I was doing about seventy. If I opened my door and rolled out now, how badly could it hurt?

“Now, Arthur Minsky loved good pastrami,” Nathan said, “and he knew deli. You could not put inferior delicatessen in front of Arthur Minsky, who by the way, was a gentleman. A refined man. Arthur Minsky would not allow filth in his theaters and he knew the difference between naughty and dirty. I remember one time Eileen the Irish Dream wanted to respond to an unkind review which intimated that she was not a natural redhead, with a visual display that she was, and Arthur put his foot down.

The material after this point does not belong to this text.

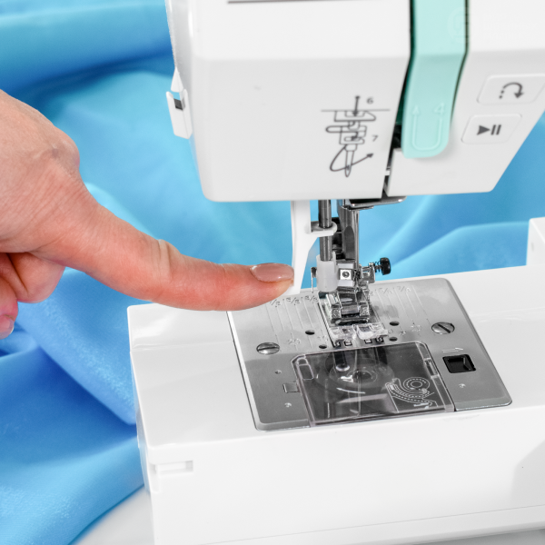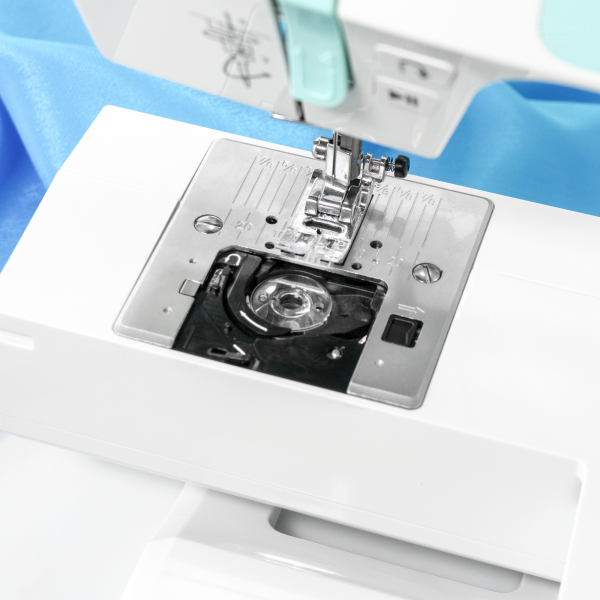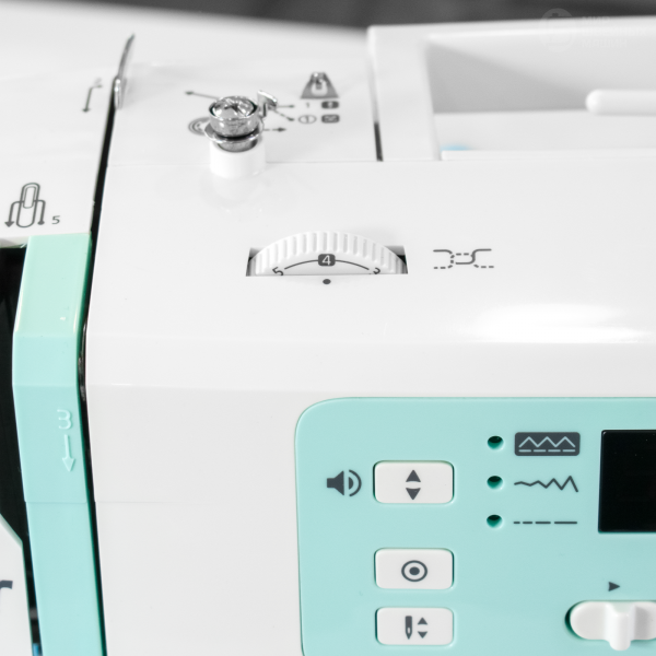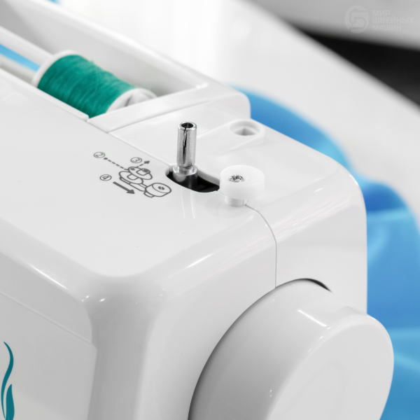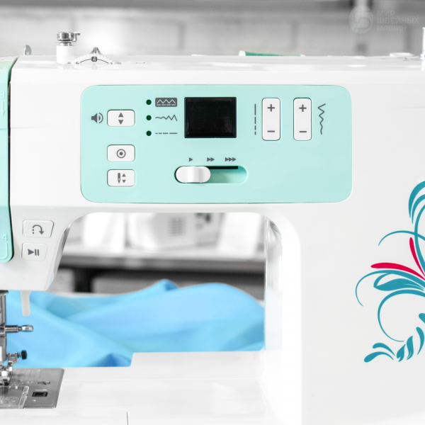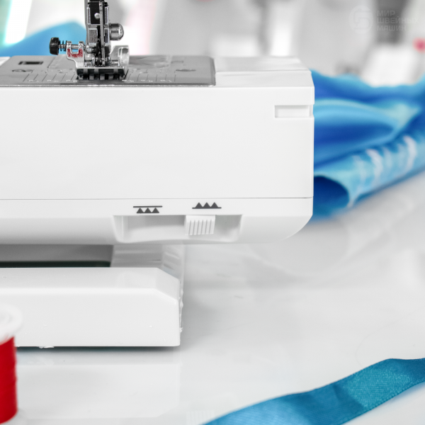 Машина использует в работе простой горизонтальный челнок и нитевдеватель, что позволит быстро подготовить оборудование к работе. В памяти записано 7 видов обработки петель, есть строчки для декоративной отделки и оверлочные стежки. Те, кто занимается квилтингом оценят быстрое переключение нижнего транспортера в режим стежки. На корпусе расположена кнопка выбора шитья без педали, регулятор скорости строчки и позиционер иглы. Автозакрепка поможет надежно зафиксировать строчку.

“Of course, Eileen was a nasty piece of work. A tramp. Kept company with a no-goodnik mobster from the Schultz gang named Benny the Blade. Wore spats. Trash.

“So one day Arthur sends out the new kid, an Irish kid. Stupid like you. Arthur sends the kid to Wolffs to get him a pastrami on rye with Russian mustard. Wolff’s had great pastrami, wonderful pastrami. Wolff knew delicatessen. In those days you could go to a deli and get a sandwich would choke a horse for twenty-five cents and it was good deli. Not this trash they serve you today. They just opened a deli in Palm Desert. Two Jews from Los Angeles open a deli and charge seven bucks for a sandwich which is trash. Stringy fat. It got caught between my teeth, right here. I was with Murray Koppelman. Do you know Murray? Had a for-shit comedy show on CBS? ‘Murray, Murray, Murray’ they used to sing? Murray would come out surrounded by shiksas with legs to their chins and roll his eyes. Audience would scream, I don’t know why. I do know why, free tickets, that’s why, and some boob holding up a card says Laugh. We didn’t have these cards in burlesque. Our audience was waiting to see girls take off their clothes. We had to be funny. If you held up a card that says Laugh in a burlesque house, they would throw garbage at you and they would be right.